The mechanics of this shell syntax: ${1:-$(</dev/stdin)}

Question

I recently came across this really neat syntax, in the context of creating bash functions which can accept an argument or a stream from STDIN (i.e. can be piped to). On the surface, I understand what's happening here, but I'd like a bit more explanation of the actual mechanics of how this is working.

Here's the syntax (as per the title): ${1:-$(</dev/stdin)}

And in context, one might use it as:

log(){
 echo -e >&1 "INFO: ${1:-$(</dev/stdin)}"
}

Allowing the following usage:

$ log foo
INFO: foo

Alternatively, you could also do this

mv -v foo.ext bar.ext | log
INFO: renamed 'foo.ext' -> 'bar.ext'

This is great because its the single most concise method I've seen for enabling both argument and pipe functionality with bash functions (I forget where I came across it now, unfortunately).

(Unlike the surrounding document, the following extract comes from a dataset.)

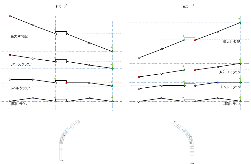 横断勾配摺り付け図の説明については、「概要 - 横断勾配摺り付け回転軸の基点設定方法」を参照してください。
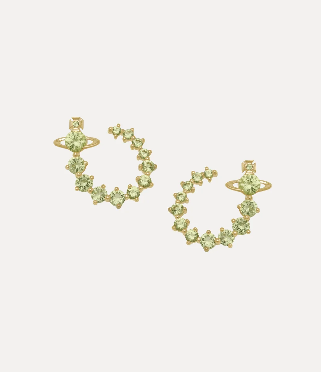 Crafted in polished gold-tone plating, our Lydia earrings curve gently around the earlobe to create the illusion of a sculptural hoop. Embellished with cubic zirconia stones that taper elegantly in size, the design is adorned with our timeless orb emblem – recalling Vivienne’s vision of taking tradition into the future.

Now, I understand (or think I understand), most of what's happening here at least superficially, but I'd appreciate a deeper understanding. Here's how I interpret it, followed by my remaining questions:

${1:-$(</dev/stdin)}

• ${1} is obviously the default argument that a function accepts
• ${1:-x} is a variable/brace expansion 'fall back' to the string 'x' if $1 is otherwise empty (or unset?). In this case falling back to the STDIN process sub.
• $() is obviously a process command substitution
• and finally, </dev/stdin is obviously a redirect from standard input which allows the pipe to work at all.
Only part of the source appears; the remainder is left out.